En cambio, ¿qué clase de discusión es la que se propone? Levantar, durante el periodo vacacional, una reja que permita el acceso únicamente a los estudiantes. Además, instalar cámaras de vigilancia e iluminar mejor ciertas zonas mucho más alejadas del campus central. En primera instancia, no se trata de una medida completamente reprobable: la UNAM está reconociendo públicamente un problema de inseguridad. Pero, si miramos con mayor detenimiento, este proceder pareciera neutralizar toda una discusión que es necesaria, sin mencionar el desafortunado momento simbólico en que la UNAM decide levantar una suerte de muro fronterizo entre el campus y una capital que, a pesar de la ingenuidad negacionista, también forma parte de un país tomado por el narcotráfico.

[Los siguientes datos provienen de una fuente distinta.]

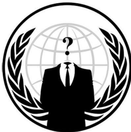
Rysunek 3-2 Logo Anonymous

Anonymous to najbardziej rozpoznawane ugrupowanie skupiające ludzi sprzeciwiających się cenzurze, korupcji czy wpływowi kościoła katolickiego. Mają wiedzę i umiejętności pozwalające im nazywać się Hackerami, jednak mają bardziej ugruntowany cel społeczno – polityczny.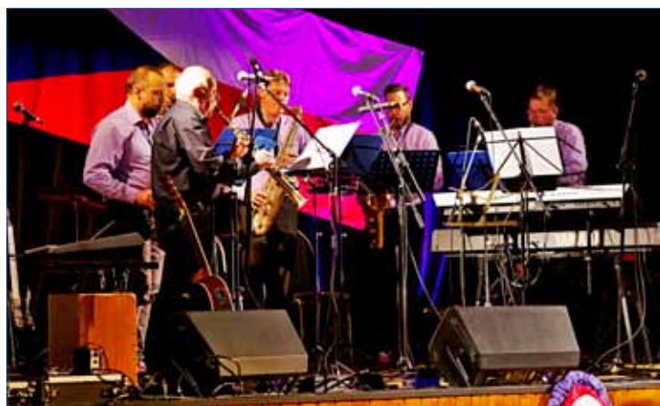
» Šestičlenná saxofonová skupina Saxtet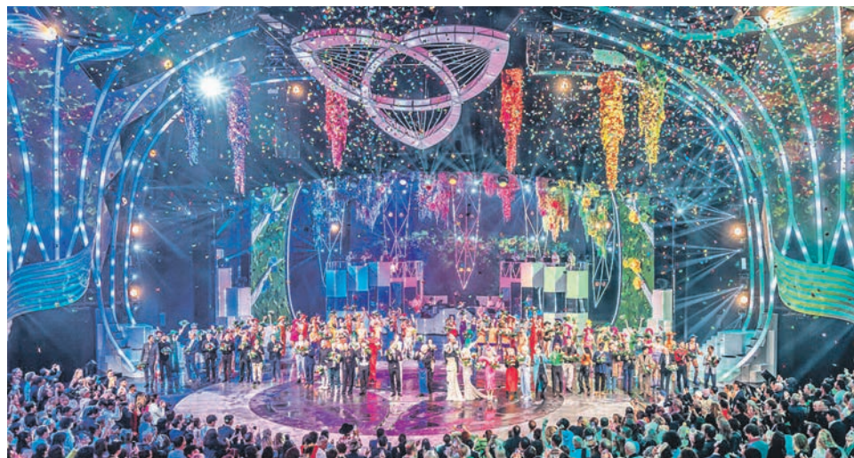
Weltklasse-Show like Las Vegas: Die Weltpremiere „Falling in Love“ begeistert das Publikum in Berlin.

Als kulturellen Höhepunkt der dreitägigen Sonderreise zum Termin vom 17. bis 19. November zum sehr günstigen Komplettpreis von nur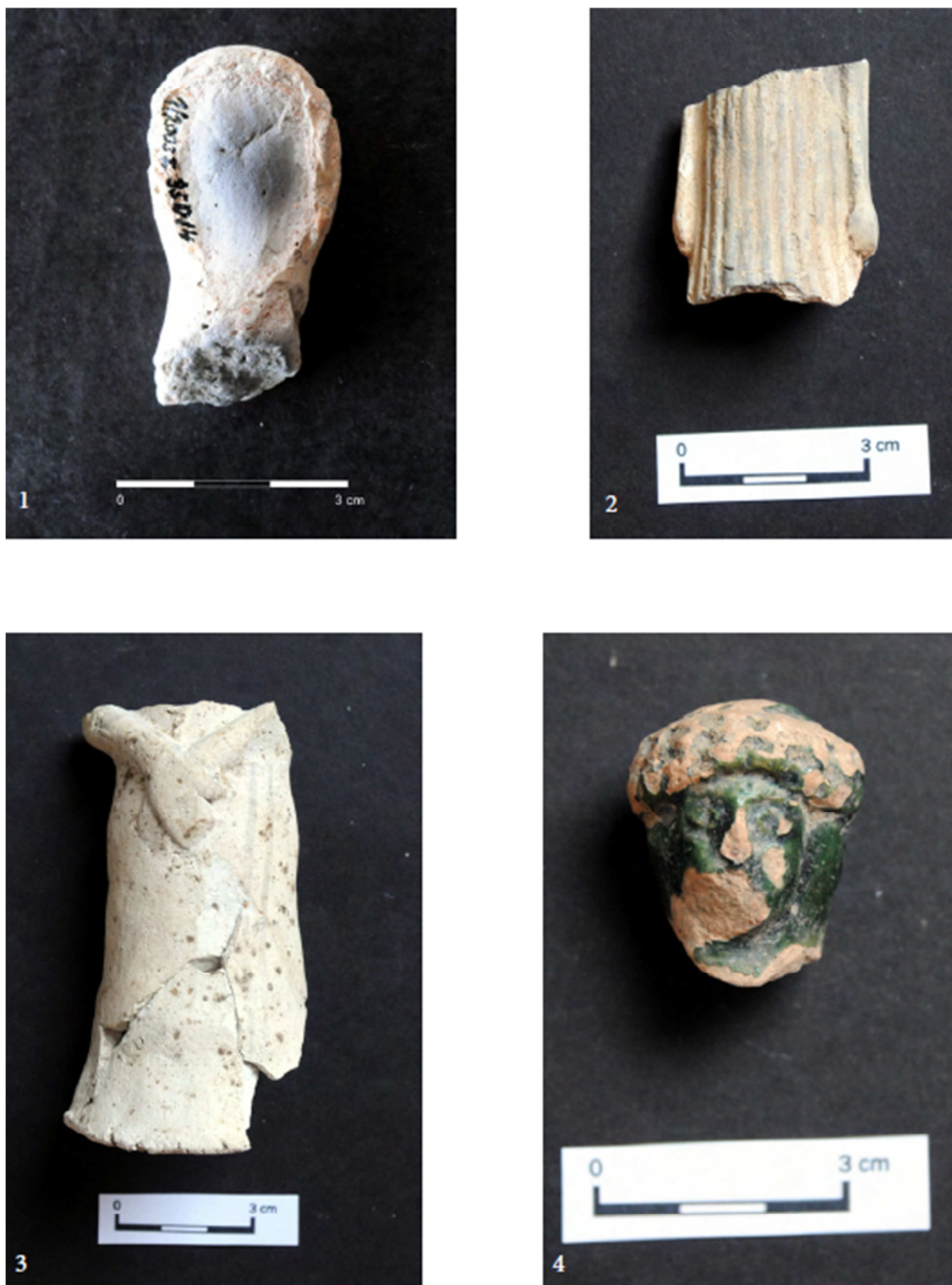
Tabulka 29. Nález z výzkumu na Praze 1 – Nové Město, náměstí Republiky. Hlava s odlomeným obličejem – 1; torzo těla plastiky – 2; ženská postava – 3; zeleně glazovaná hlava s čelenkou (?) – 4. (Převzato z: Juřinová 2015, 134, tab. 13).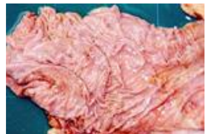
粘膜病発症牛第四胃潰瘍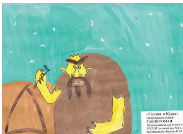
«Сказка о Куряе» (Башкирская сказка) ГАБОВ РОМАН Подготовительная и школа МКОУ «детский сад №1 г.г. Высоты Ишимово» Фельда И.М.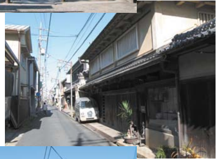
材木町界隈の町並み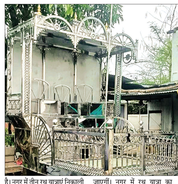
है। नगर में तीन रथ यात्राएं निकाली जाएंगी। नगर में रथ यात्रा का

वेत्रवती घाट स्थित नौलखी धाम पर विराजमान महाप्रभु जगन्नाथ भगवान इस बार रथ यात्रा के मौके पर स्टील से बने नए रथ पर सवार होकर नगर भ्रमण के लिए निकलेंगे। रथ यात्रा के दौरान पुराने रथ की ऊंचाई कम होने के कारण श्रद्धालुओं को महाप्रभु के दर्शन नहीं हो पाते थे, इसलिए स्टील का बड़ा रथ तैयार कराया गया है जिससे श्रद्धालुओं को यात्रा में आसानी से बलभद्र और बहन सुभद्रा और महाप्रभु जगन्नाथ के दर्शन पूरे समय हो सकें। भक्तों के सहयोग से स्टील के रथ को नगर में ही तैयार कराया गया है। जगदीश रथ यात्रा की तारीख नजदीक आते ही तैयारियां जोर-शोर से चल रही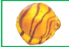
12. マーブルパン 150円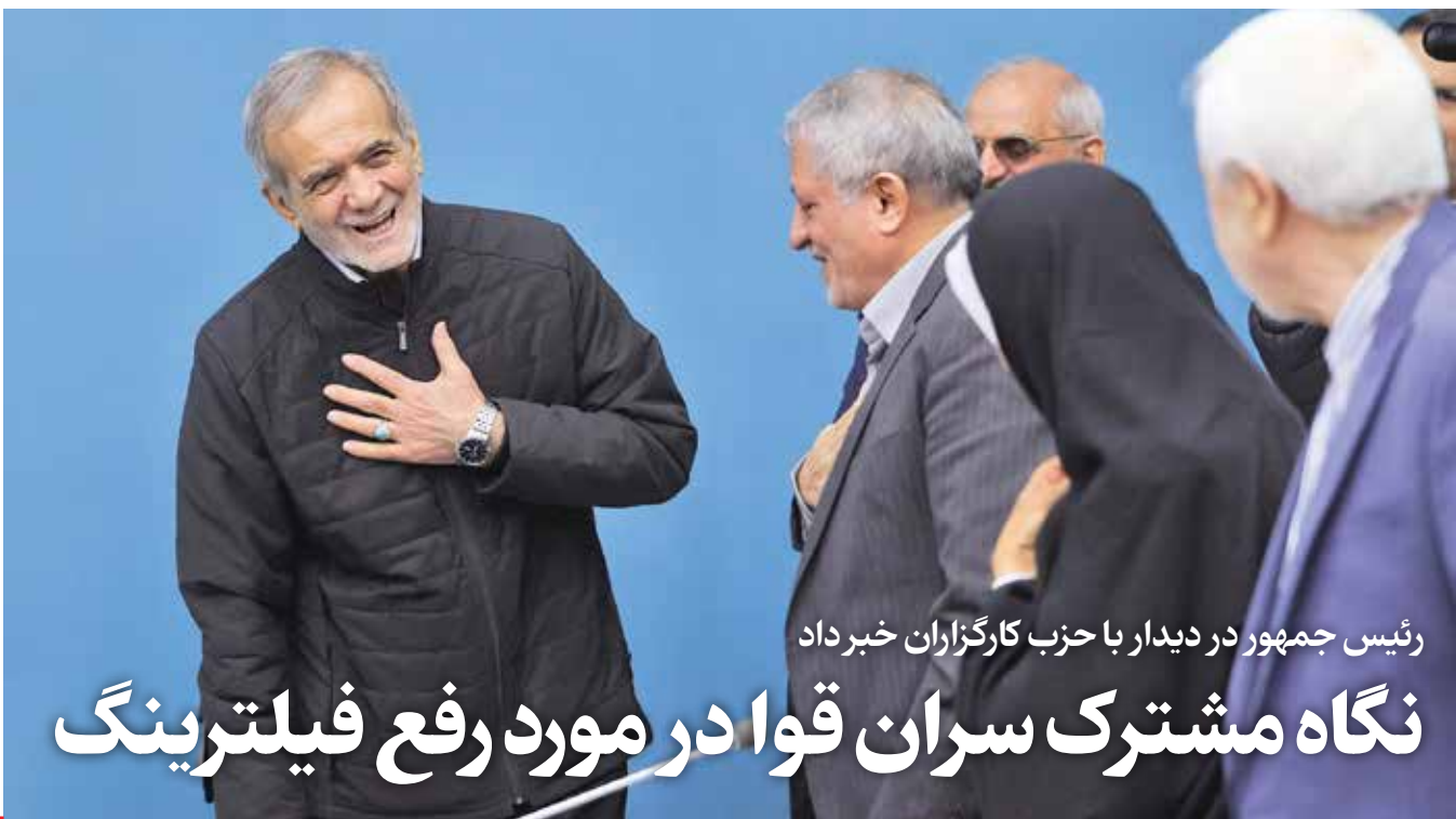
رئیس‌جمهور در دیدار با حزب کارگزاران خبر داد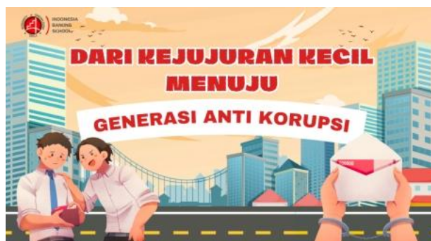
Gambar 3. Judul Utama Slide Presentasi Materi Sosialisasi

dan pemahaman yang bertujuan untuk memperdalam pengetahuan mengenai anti korupsi. Materi-materi yang dibahas mencakup pengertian korupsi, dampak korupsi, peran generasi muda dalam mencegah korupsi, kasus korupsi di Indonesia, dan contoh-contoh korupsi yang relevan ditemui di kalangan remaja seperti menyontek. Keseluruhan materi tersebut dikemas dalam bentuk media visual melalui slide presentasi berjudul " Dari Kejujuran Kecil Menuju Generasi Anti Korupsi " dan video, serta disampaikan dengan cara maupun bahasa yang mudah dipahami. Durasi penyampaian materi ditargetkan paling lama 30 menit sudah termasuk dengan diskusi singkat di beberapa bagian slide materi, QnA maupun sharing session, dan sisa waktu ± 30 menit adalah sesi games melalui Kahoot.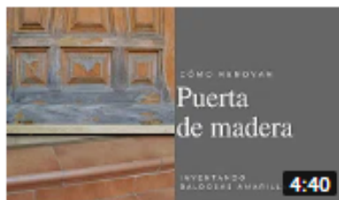
Antes y después de una puerta de madera: cómo... 3,2 mil visualizaciones • Hace 4 meses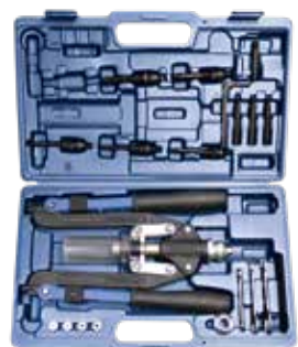
Multi 5 avec bras croisés dans un coffret en plastique résistant aux chocs.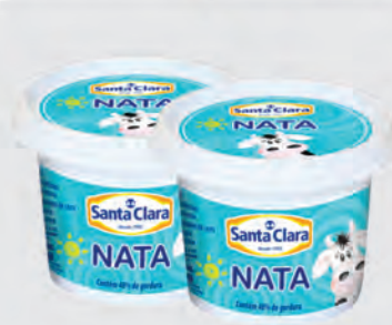
Nata Santa Clara 300g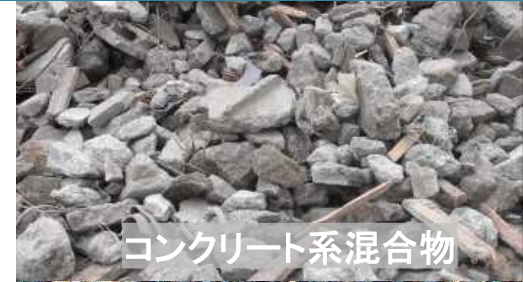
コンクリート系混合物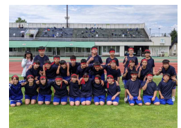
校内陸上競技大会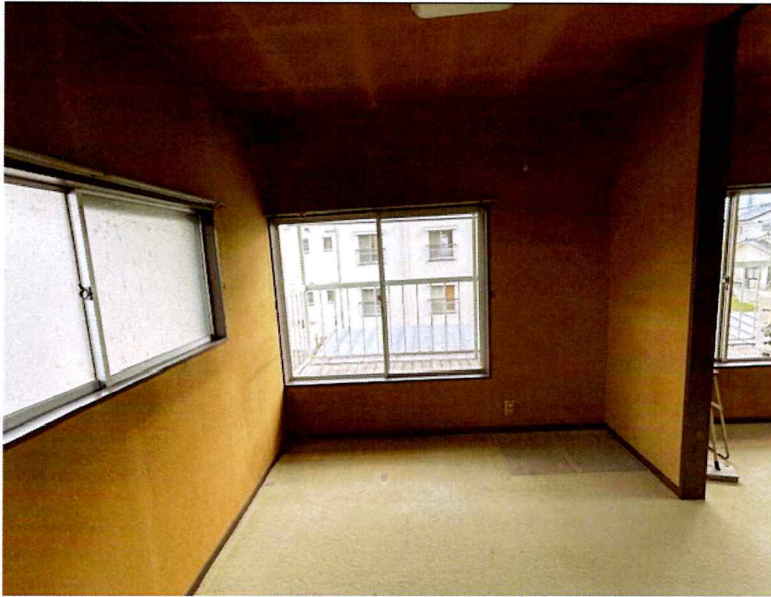
住吉2丁目2015-7 2F 南東(洋室)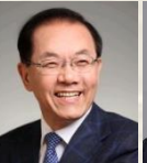
축 사 황 우 여 전, 교육부장관 겸 사회부총리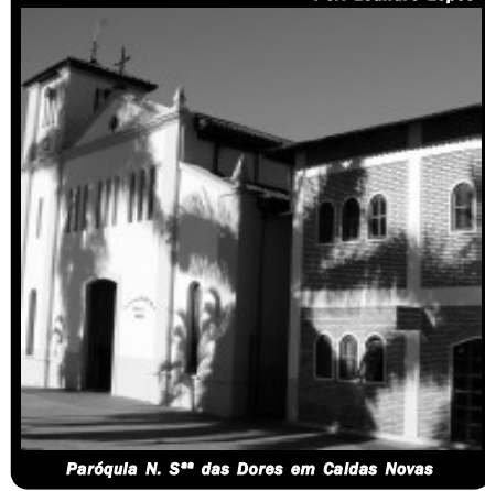
Paróquia N. S.ª das Dores em Caldas Novas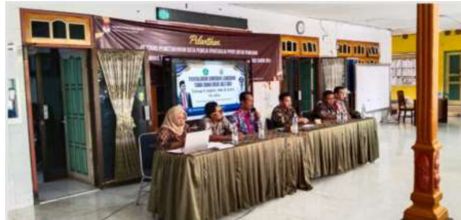
Gambar 2. Sosialisasi Penyaluran BLT-DD

Komunikasi dalam pelaksanaan program BLT-DD di Desa Sugihwaras dilakukan melalui musyawarah dan koordinasi antara pemerintah desa, BPD, RT/RW, dan masyarakat. Hal ini bertujuan agar informasi mengenai program dapat dipahami dengan jelas oleh masyarakat sehingga pelaksanaan bantuan berjalan lebih tepat sasaran.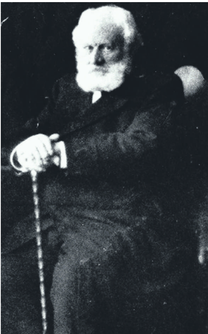
■ Pieter Langerhuizen Lambertuszoon.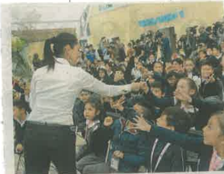
Claudia Sheinbaum visitó la primaria "Patrimonio Nacional", en la Colonia Del Valle Centro

Además ya se hacen estudios estructurales de todas las escuelas públicas y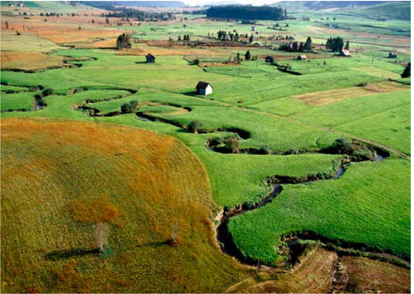
Im Hochtal von Rothenthurm (SZ) wechseln sich im Herbst saftig grüne (aber artenarme) Intensivwiesen mosaikartig mit artenreichen, wenig oder gar nicht gedüngten Wiesen (in verschiedenen Rot- und Brauntönen) ab.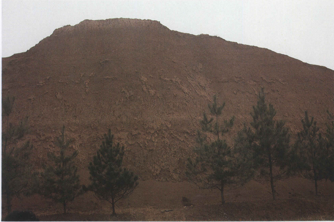
公王嶺発掘地点全景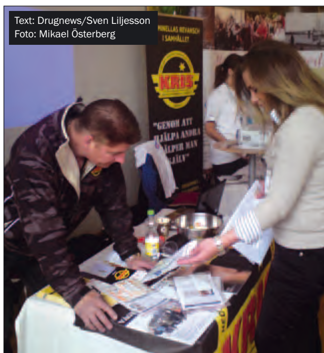
Text: Drugnews/Sven Liljesson

I arrangörsguppen för mässan har omstyrningen och breddningen stöd av Folkhälsoinstitutet.

La reja y las cámaras, y tal vez cualquier otra normativa que busque presentarse como una solución, no serán más que paliativos ante un territorio tan difícil como es Ciudad Universitaria. La reja se levanta y el consumo de drogas se queda dentro de todas maneras, así como las denuncias por acoso, la precariedad sanitaria, el despotismo académico y un largo etcétera. Habría que pasar de las soluciones inmediatas a la verdadera confrontación de ideas, de esa democracia que neutraliza toda crítica a un encuentro entre todos los actores involucrados en la vida cotidiana de CU. Si un campus de dimensiones tan grandes pudo crear un consenso e irse a paro después de lo ocurrido en Ayotzinapa, ¿por qué pareciera una utopía pensar en una asamblea en que las mujeres vocalicen sus demandas ante las autoridades y los consejos estudiantiles? ¿Por qué huir ante la idea de una discusión totalmente abierta sobre la legalización de las drogas y que sea sostenida no sólo por las autoridades y los expertos, sino que también involucre a estudiantes? ¿Por qué seguir sosteniendo una mímica policial que dice sancionar el mal uso de las instalaciones del campus y no tomar partido cuando ocurren feminicidios? Dudo mucho que quienes protestan contra la inseguridad en Ciudad Universitaria hayan estado buscando una reja, unas cámaras y más alumbrado.